■ **What is needed**
Below are some entries. Transcribe the lines from the one holding "C’è da notare" to the one holding "Grafisk komposition med", inclusive, but not the pictures among them.

[Extracted records Boundary: Start]

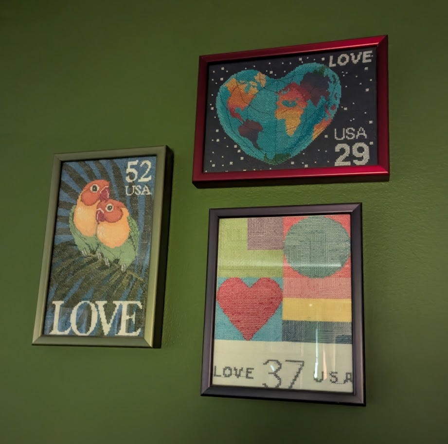 They depict cross stitch in vibrant colors as well as another hobby from my younger years that didn’t survive into adulthood — philately. I still have all my old stamps, but I haven’t added to the collection in a long time. I do enjoy looking at the new stamps that are released each year, though.
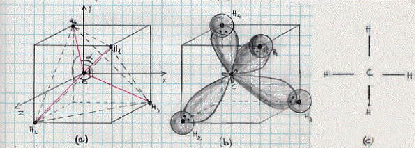 C’è da notare che gli angoli a tra ogni coppia di assi unenti il nucleo del carbonio con i nuclei di idrogeno (figura 22a), sono tutti uguali e valgono 109° 28′, in perfetto accordo con le misure sperimentali eseguite con metodi spettroscopici.
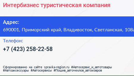 Интербизнес, туристическая компания по адресу 690001, Приморский край, Владивосток, Светланская, 108а в дальнейшем Организация, размещена в следующих категориях:
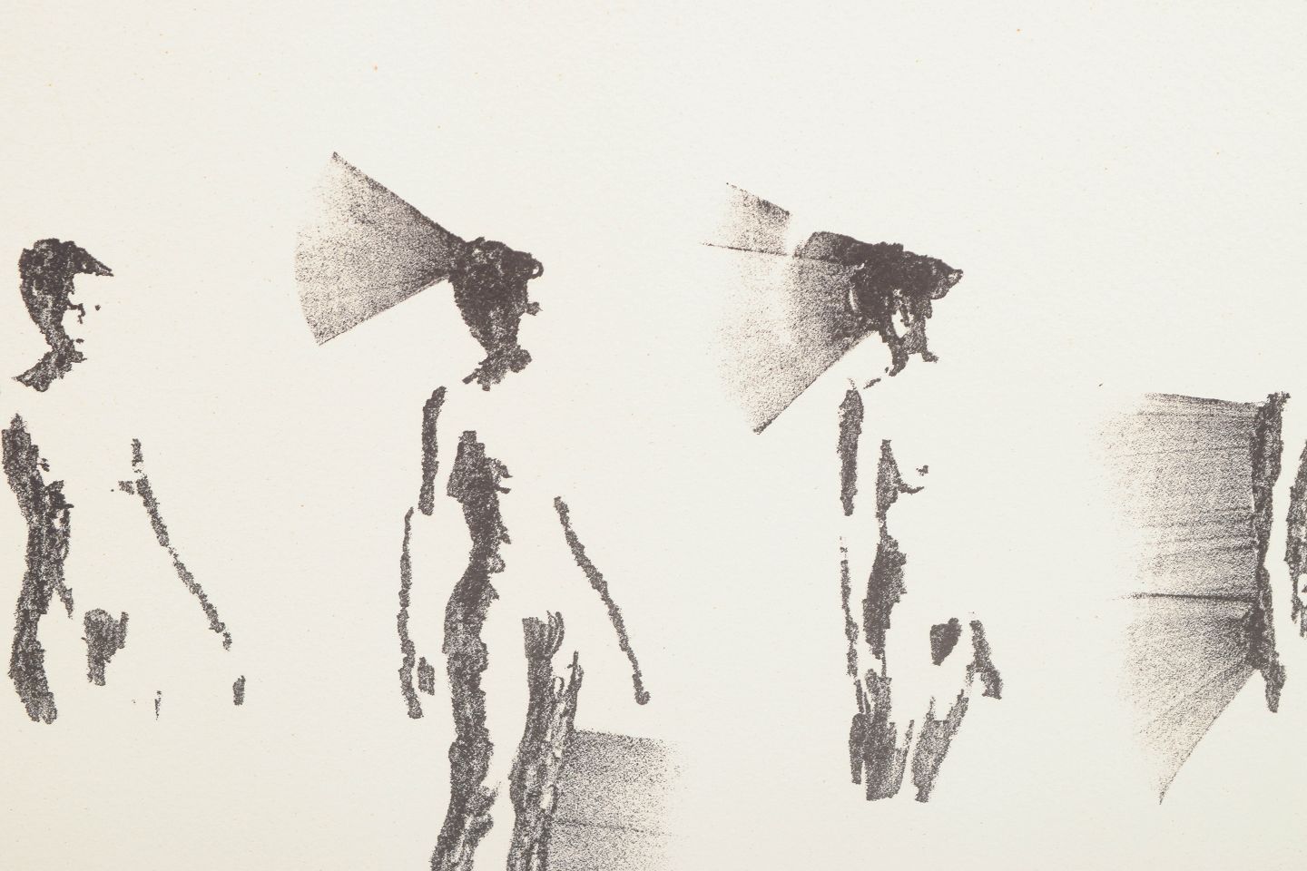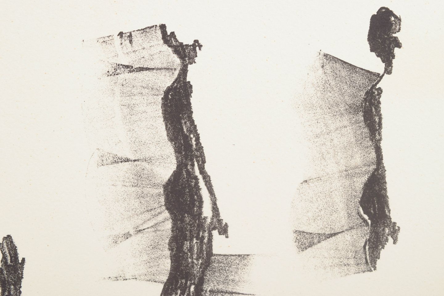 Grafisk komposition med studier af stående nøgne figurer udført som litografi, signeret med blyant, dateret 1971 og nummereret 10/55.
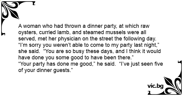 A woman who had thrown a dinner party, at which raw oysters, curried lamb, and steamed mussels were all served, met her physician on the street the following day. “I’m sorry you weren’t able to come to my party last night,” she said. “You are so busy these days, and I think it would have done you some good to have been there.”
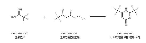 1.通过三氟乙脒和三氟乙酰乙酸乙酯合成2,6-双(三氟甲基)嘧啶-4-醇

[Extracted records Boundary: End]

■ **Task output**
 C’è da notare che gli angoli a tra ogni coppia di assi unenti il nucleo del carbonio con i nuclei di idrogeno (figura 22a), sono tutti uguali e valgono 109° 28′, in perfetto accordo con le misure sperimentali eseguite con metodi spettroscopici.
 Интербизнес, туристическая компания по адресу 690001, Приморский край, Владивосток, Светланская, 108а в дальнейшем Организация, размещена в следующих категориях:
 Grafisk komposition med studier af stående nøgne figurer udført som litografi, signeret med blyant, dateret 1971 og nummereret 10/55.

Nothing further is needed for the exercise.